I’m past thinking any single event will change this. We are too deep in it, but I do still believe change can come. We can reclaim our sense of shared purpose and our sense of humanity. More of us need to start caring about injustice and speaking out about it. Many already are, and those of us just tuning in have a lot to learn and do.

We need to start electing leaders who actually care about solving problems and not just going on TV and running down the other side. Wanting law enforcement reform doesn’t mean hating the police. As Merrick Garland just said today, the majority of police officers are brave and good public servants and they also deserve a system that doesn’t constantly reward and excuse bad behavior.

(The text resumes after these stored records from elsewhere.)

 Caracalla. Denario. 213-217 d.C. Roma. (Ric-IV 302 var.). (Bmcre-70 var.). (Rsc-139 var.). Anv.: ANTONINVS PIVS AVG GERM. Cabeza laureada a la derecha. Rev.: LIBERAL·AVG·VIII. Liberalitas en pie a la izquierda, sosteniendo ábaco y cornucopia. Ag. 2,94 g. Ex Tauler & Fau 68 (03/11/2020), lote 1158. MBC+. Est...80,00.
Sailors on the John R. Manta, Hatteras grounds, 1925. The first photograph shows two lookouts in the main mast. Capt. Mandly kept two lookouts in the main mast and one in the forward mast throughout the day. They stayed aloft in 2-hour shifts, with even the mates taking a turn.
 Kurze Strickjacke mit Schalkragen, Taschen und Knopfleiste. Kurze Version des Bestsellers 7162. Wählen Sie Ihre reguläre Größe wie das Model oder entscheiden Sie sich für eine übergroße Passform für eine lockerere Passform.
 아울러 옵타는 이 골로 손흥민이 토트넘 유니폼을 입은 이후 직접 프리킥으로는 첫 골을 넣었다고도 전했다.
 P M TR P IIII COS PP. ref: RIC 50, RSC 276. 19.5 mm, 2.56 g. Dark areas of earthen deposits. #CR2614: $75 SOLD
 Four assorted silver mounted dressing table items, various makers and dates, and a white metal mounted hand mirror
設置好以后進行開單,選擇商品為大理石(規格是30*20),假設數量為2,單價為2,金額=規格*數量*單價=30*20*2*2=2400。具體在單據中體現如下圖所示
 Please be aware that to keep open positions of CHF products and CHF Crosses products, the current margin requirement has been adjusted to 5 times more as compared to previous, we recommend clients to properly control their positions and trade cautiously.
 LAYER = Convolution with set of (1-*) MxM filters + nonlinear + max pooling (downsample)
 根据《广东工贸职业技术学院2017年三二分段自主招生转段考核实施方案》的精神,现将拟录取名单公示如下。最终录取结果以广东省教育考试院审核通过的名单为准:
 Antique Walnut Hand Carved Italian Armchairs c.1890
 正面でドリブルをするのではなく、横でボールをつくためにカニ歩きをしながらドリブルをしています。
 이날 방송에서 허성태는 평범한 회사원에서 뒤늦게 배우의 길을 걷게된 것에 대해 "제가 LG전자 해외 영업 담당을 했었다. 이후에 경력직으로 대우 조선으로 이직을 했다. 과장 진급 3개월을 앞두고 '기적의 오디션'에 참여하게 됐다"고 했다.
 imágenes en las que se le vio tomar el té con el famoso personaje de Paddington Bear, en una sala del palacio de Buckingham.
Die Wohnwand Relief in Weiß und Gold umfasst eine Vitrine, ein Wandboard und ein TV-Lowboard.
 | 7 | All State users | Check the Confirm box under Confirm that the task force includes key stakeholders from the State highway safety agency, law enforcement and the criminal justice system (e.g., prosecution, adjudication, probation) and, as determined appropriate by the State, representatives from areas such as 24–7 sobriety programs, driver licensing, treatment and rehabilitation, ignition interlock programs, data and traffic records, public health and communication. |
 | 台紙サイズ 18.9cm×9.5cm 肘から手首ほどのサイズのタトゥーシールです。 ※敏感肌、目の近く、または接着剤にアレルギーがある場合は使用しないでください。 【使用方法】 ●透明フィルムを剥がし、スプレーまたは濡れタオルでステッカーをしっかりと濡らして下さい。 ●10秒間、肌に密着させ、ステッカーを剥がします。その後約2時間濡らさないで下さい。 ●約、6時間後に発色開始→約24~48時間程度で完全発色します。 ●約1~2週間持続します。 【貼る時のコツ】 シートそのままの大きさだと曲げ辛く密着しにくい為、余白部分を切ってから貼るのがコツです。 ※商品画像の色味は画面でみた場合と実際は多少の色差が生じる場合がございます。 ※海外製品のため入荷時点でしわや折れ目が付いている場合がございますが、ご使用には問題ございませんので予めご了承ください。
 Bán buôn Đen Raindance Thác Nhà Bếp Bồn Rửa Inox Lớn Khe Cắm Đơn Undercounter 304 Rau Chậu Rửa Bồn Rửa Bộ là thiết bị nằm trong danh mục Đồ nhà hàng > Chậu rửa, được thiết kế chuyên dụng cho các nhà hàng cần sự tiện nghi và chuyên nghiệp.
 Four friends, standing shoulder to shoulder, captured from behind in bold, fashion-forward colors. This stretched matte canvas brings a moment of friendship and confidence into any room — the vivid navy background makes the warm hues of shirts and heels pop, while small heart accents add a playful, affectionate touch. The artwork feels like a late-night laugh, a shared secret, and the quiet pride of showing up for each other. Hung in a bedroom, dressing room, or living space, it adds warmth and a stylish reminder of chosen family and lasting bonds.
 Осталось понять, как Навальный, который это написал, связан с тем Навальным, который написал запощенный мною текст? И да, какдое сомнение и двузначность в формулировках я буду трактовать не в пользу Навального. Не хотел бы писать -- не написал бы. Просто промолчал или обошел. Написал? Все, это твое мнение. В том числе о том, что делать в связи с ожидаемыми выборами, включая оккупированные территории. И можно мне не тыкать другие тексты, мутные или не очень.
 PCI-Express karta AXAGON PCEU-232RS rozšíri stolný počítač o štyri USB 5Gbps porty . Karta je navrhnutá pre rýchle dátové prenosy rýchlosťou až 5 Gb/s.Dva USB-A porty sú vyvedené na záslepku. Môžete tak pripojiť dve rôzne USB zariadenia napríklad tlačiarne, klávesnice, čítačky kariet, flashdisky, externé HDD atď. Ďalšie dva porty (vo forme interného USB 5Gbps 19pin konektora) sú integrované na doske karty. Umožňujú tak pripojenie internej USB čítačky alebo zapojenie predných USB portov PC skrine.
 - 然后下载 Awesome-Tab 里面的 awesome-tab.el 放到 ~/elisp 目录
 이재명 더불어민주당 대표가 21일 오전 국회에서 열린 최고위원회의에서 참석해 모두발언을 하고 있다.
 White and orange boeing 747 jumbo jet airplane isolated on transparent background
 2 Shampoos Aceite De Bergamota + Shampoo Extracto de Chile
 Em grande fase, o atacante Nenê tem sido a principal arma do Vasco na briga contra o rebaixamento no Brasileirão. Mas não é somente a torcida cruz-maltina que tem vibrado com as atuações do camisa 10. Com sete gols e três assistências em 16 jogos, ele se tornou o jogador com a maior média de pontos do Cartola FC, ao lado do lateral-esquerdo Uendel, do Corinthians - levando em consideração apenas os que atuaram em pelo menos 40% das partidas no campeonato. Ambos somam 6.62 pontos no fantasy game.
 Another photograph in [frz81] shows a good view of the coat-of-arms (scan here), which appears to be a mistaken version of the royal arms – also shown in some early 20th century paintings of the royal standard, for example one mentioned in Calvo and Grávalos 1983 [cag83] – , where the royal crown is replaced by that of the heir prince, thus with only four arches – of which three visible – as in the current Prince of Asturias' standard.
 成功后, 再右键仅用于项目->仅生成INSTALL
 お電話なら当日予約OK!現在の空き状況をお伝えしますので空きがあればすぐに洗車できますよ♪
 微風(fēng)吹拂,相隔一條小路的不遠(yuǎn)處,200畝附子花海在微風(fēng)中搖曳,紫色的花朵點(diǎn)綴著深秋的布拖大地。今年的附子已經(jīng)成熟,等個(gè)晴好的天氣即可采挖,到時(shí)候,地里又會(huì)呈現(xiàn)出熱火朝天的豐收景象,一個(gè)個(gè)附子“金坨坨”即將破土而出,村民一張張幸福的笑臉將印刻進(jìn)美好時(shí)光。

Wanting gun reform doesn’t mean draconian measures and taking everyone’s guns away. But it really shouldn’t be impossible to have stricter background checks and not have it be so easy to get weapons that  only belong on a battlefield.

There are compromise positions and we need to have more people start to recognize that. It could be that the underlying tie that binds all of this together is respect. Respect for life, respect for each other, and respect for other ideas. It feels like the last several years have seen such an obsession with self that now “freedom” seems to mean not having to care at all about the people around you and the society that is supposed to nurture all of us.

As a country, we have always looked with nostalgic awe on the Greatest Generation in World War II, and the efforts that led us to the moon in the 1960s. Those were both examples of common purpose and people still being free but freely contributing to common purpose that raises us all. It’s time to do that again. If we can start to look at all people, no matter what they look like, who they love or where they’re from, with respect and care, maybe we can actually achieve a truly just society where all of us can be our best selves and our children can thrive.

The verdict yesterday is nothing to celebrate. It is a moment born of tragedy, and it is that loss of life happening before our eyes that has made this so real. No one wanted this. As has been said, this moment isn’t justice, because justice would mean George Floyd being alive. But at least it wasn’t injustice, and maybe that’s a start. And from here, we can keep on working for a better tomorrow.